Content starts

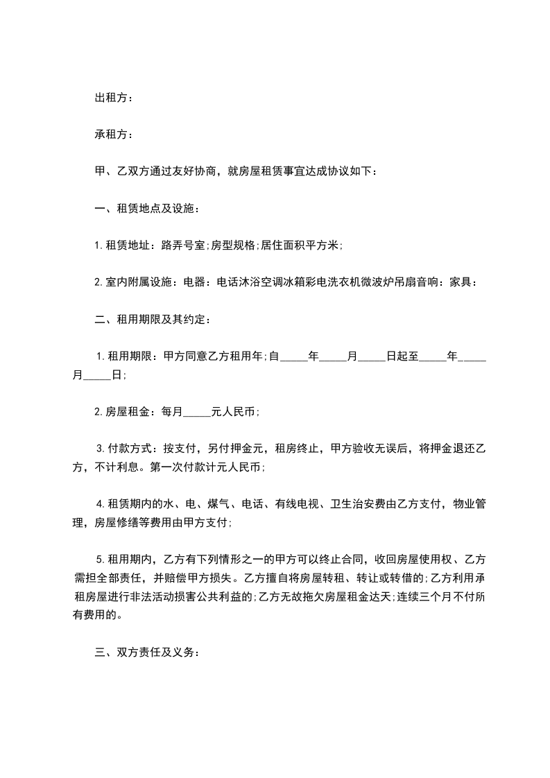 5.租用期内,乙方有下列情形之一的甲方可以终止合同,收回房屋使用权、乙方需担全部责任,并赔偿甲方损失。乙方擅自将房屋转租、转让或转借的;乙方利用承租房屋进行非法活动损害公共利益的;乙方无故拖欠房屋租金达天;连续三个月不付所有费用的。
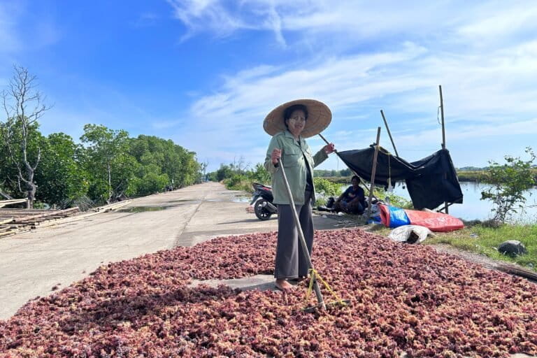 Rahmatiah sibuk mengeringkan rumput laut yang telah dipanen. Dengan topi anyaman daun kelapa dan setelan daster, dia mulai menata hasil lautnya agar siap untuk dijual ke pengepul. Dia berharap harga jualnya tidak jatuh di tengah ketidakpastian hasil panen karena cuaca ekstrem.
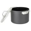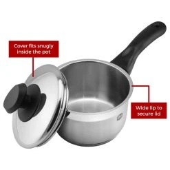 The pot’s bottom contains an encapsulated aluminum core between these layers of stainless steel which eliminates those pesky hotspots and distributes heat quickly and evenly.
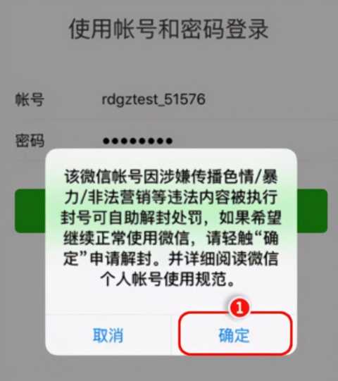1、支持自助解封的微信号,打开微信后,输入微信用户名和密码进行登录,会提示该号被封,点击“确认”进入下一步。
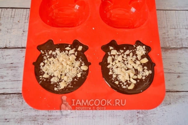 Добавим немного жареного арахиса и чуть притопим его. Форму с шоколадом ставим в холодильник для застывания.

Content ends

■ What you are asked to do:
One exact copy of the data, no pictures: write it out line for line.

■ Answer below:
 5.租用期内,乙方有下列情形之一的甲方可以终止合同,收回房屋使用权、乙方需担全部责任,并赔偿甲方损失。乙方擅自将房屋转租、转让或转借的;乙方利用承租房屋进行非法活动损害公共利益的;乙方无故拖欠房屋租金达天;连续三个月不付所有费用的。
 Rahmatiah sibuk mengeringkan rumput laut yang telah dipanen. Dengan topi anyaman daun kelapa dan setelan daster, dia mulai menata hasil lautnya agar siap untuk dijual ke pengepul. Dia berharap harga jualnya tidak jatuh di tengah ketidakpastian hasil panen karena cuaca ekstrem.
 The pot’s bottom contains an encapsulated aluminum core between these layers of stainless steel which eliminates those pesky hotspots and distributes heat quickly and evenly.
1、支持自助解封的微信号,打开微信后,输入微信用户名和密码进行登录,会提示该号被封,点击“确认”进入下一步。
 Добавим немного жареного арахиса и чуть притопим его. Форму с шоколадом ставим в холодильник для застывания.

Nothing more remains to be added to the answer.